— EXERCISE REQUIREMENTS —
The answer is the full set of records, given again exactly and without images.

— Collected data —

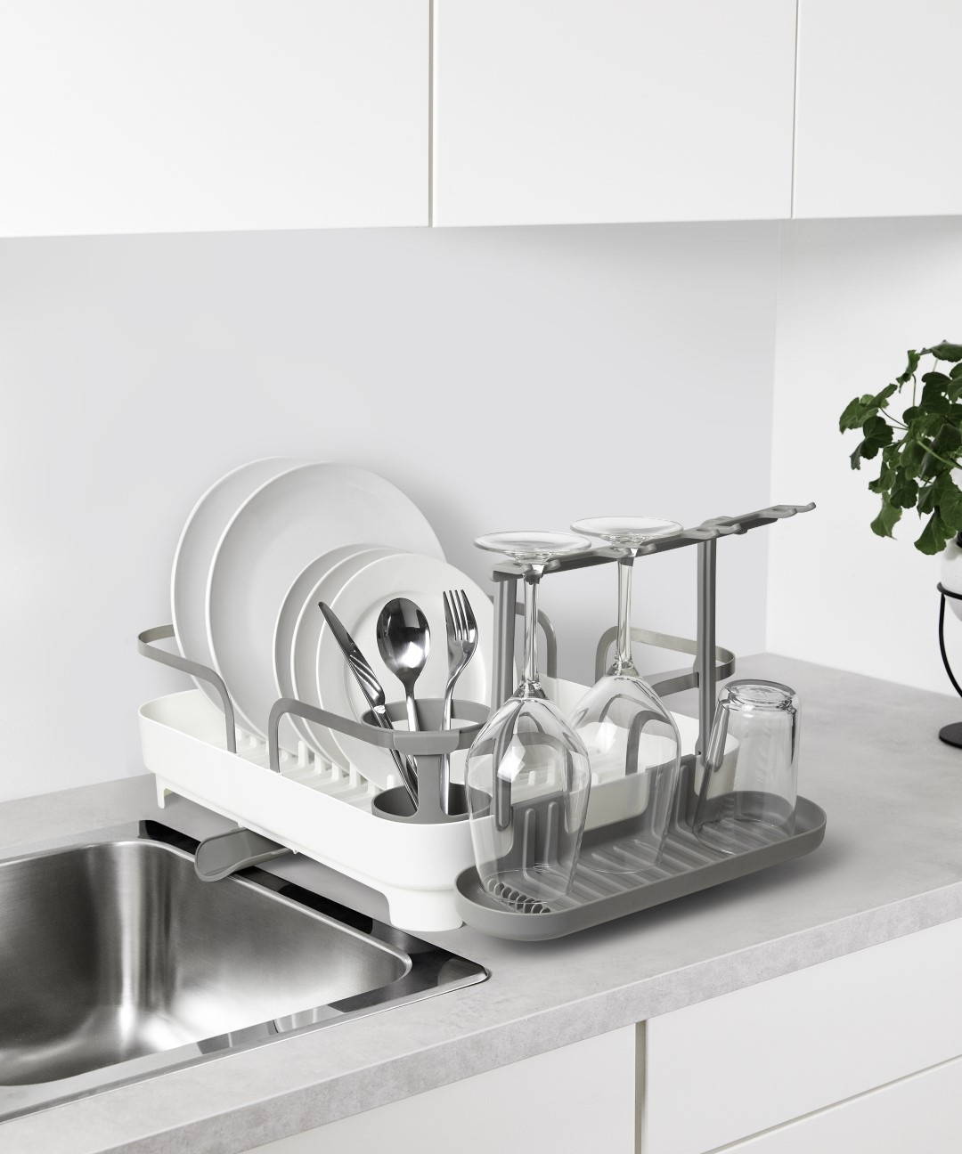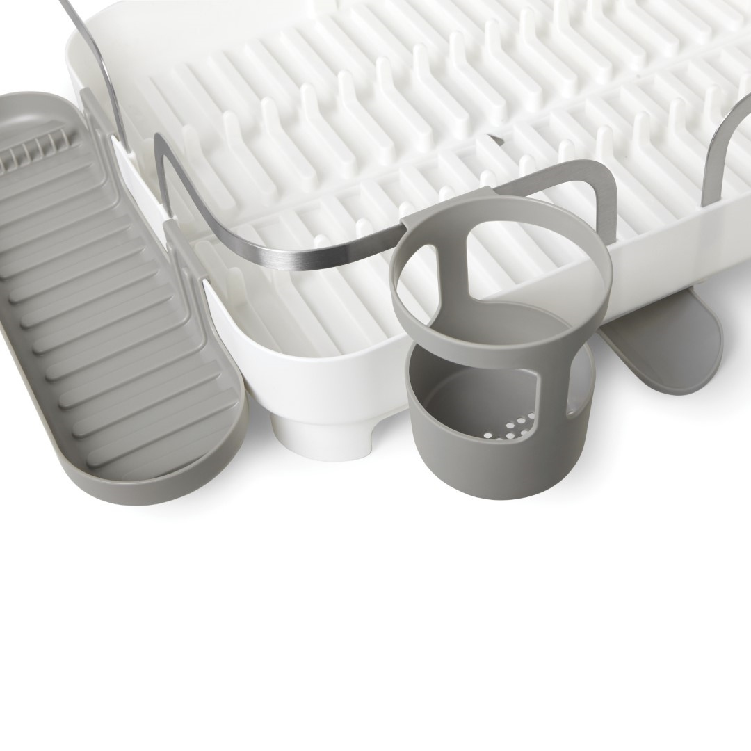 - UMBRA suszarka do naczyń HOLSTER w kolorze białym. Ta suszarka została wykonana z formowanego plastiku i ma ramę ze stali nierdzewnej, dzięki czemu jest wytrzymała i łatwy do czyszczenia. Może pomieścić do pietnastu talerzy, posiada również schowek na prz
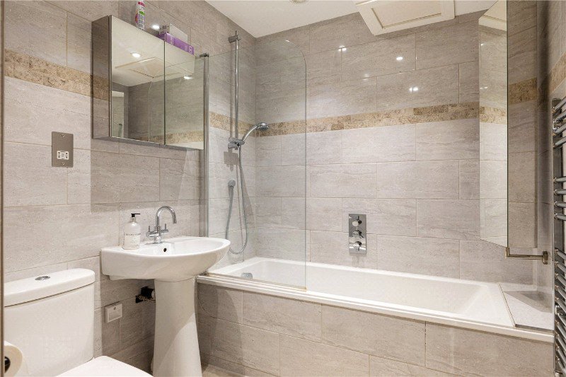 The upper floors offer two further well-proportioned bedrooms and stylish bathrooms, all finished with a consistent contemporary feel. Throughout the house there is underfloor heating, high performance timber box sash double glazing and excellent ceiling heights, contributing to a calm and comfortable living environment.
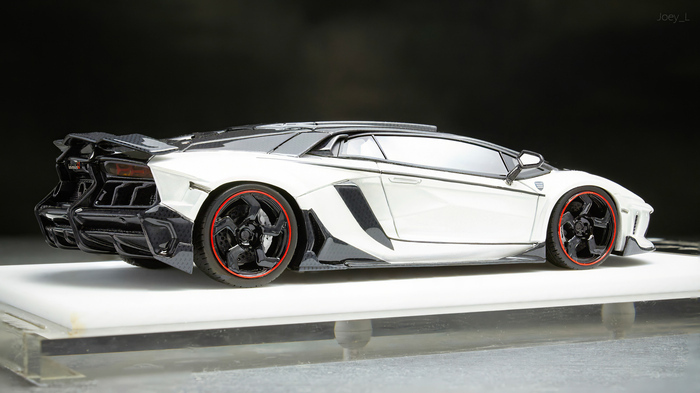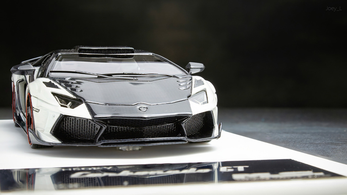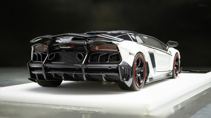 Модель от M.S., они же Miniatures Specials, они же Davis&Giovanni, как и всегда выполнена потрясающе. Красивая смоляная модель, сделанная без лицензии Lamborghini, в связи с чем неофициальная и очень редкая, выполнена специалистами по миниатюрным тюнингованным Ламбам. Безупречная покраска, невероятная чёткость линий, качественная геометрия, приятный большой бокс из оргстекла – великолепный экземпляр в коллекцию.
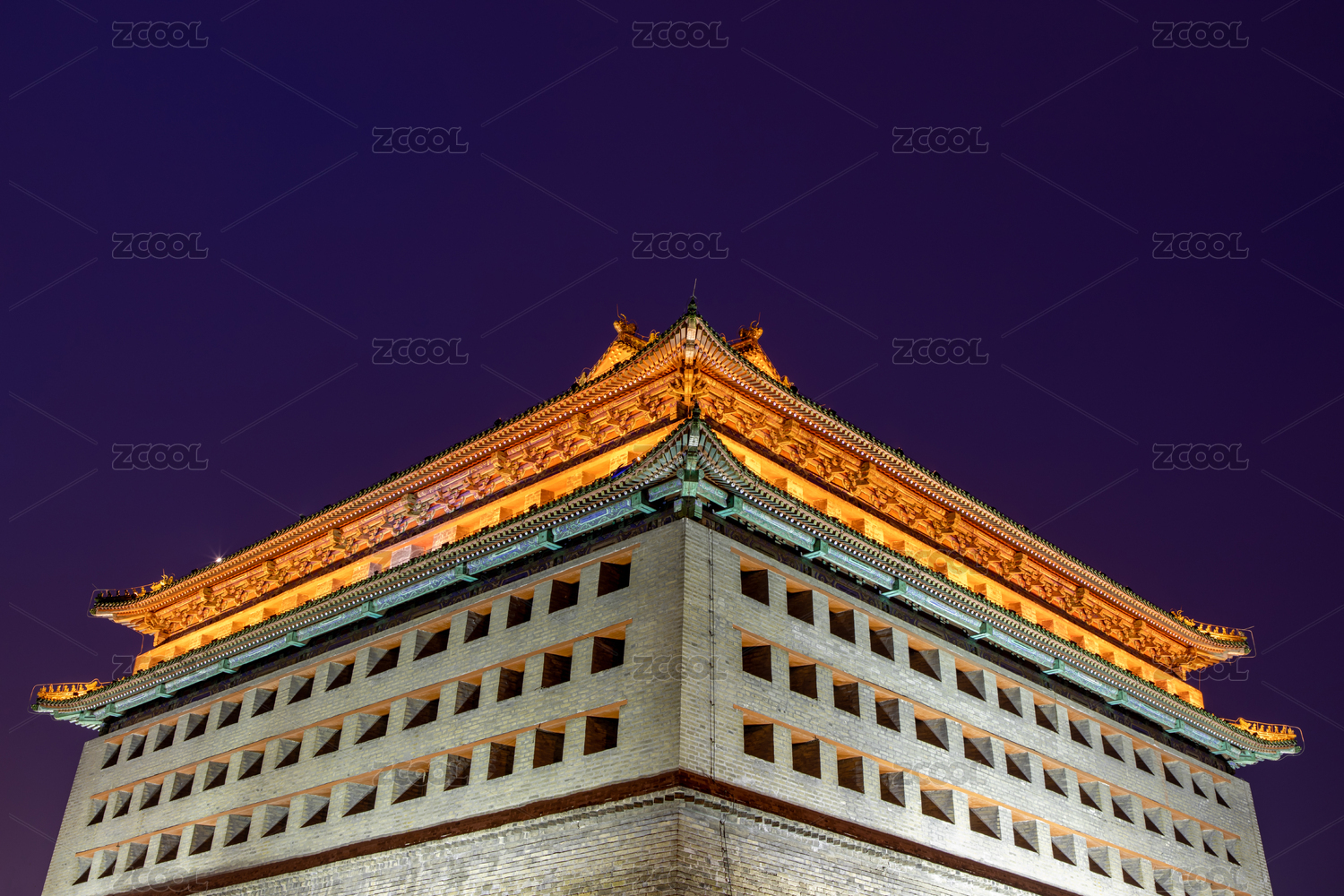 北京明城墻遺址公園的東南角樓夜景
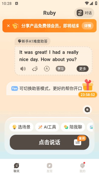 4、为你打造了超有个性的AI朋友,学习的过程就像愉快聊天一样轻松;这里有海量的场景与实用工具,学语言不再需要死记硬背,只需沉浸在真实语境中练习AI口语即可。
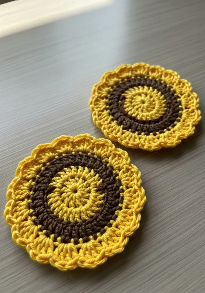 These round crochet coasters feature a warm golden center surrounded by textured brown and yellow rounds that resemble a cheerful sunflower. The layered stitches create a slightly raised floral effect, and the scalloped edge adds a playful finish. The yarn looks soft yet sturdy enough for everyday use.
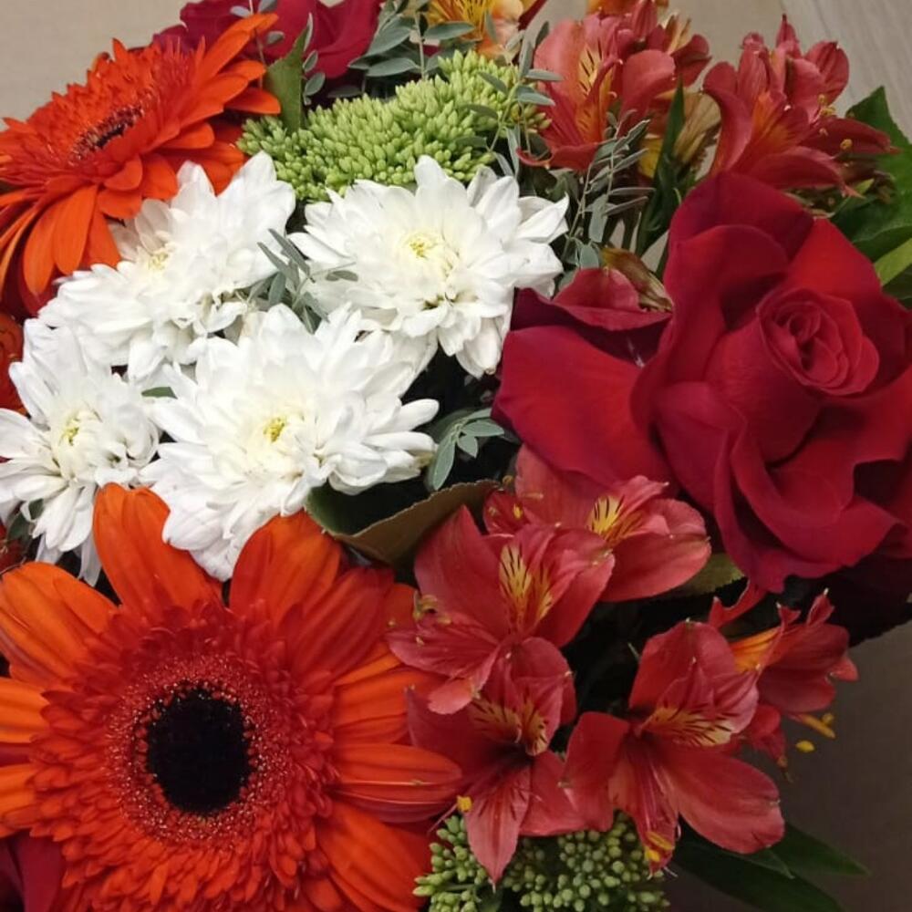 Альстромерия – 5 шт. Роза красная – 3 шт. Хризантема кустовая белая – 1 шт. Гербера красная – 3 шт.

— ANSWER TO THE PROBLEM —
 - UMBRA suszarka do naczyń HOLSTER w kolorze białym. Ta suszarka została wykonana z formowanego plastiku i ma ramę ze stali nierdzewnej, dzięki czemu jest wytrzymała i łatwy do czyszczenia. Może pomieścić do pietnastu talerzy, posiada również schowek na prz
 The upper floors offer two further well-proportioned bedrooms and stylish bathrooms, all finished with a consistent contemporary feel. Throughout the house there is underfloor heating, high performance timber box sash double glazing and excellent ceiling heights, contributing to a calm and comfortable living environment.
 Модель от M.S., они же Miniatures Specials, они же Davis&Giovanni, как и всегда выполнена потрясающе. Красивая смоляная модель, сделанная без лицензии Lamborghini, в связи с чем неофициальная и очень редкая, выполнена специалистами по миниатюрным тюнингованным Ламбам. Безупречная покраска, невероятная чёткость линий, качественная геометрия, приятный большой бокс из оргстекла – великолепный экземпляр в коллекцию.
 北京明城墻遺址公園的東南角樓夜景
 4、为你打造了超有个性的AI朋友,学习的过程就像愉快聊天一样轻松;这里有海量的场景与实用工具,学语言不再需要死记硬背,只需沉浸在真实语境中练习AI口语即可。
 These round crochet coasters feature a warm golden center surrounded by textured brown and yellow rounds that resemble a cheerful sunflower. The layered stitches create a slightly raised floral effect, and the scalloped edge adds a playful finish. The yarn looks soft yet sturdy enough for everyday use.
 Альстромерия – 5 шт. Роза красная – 3 шт. Хризантема кустовая белая – 1 шт. Гербера красная – 3 шт.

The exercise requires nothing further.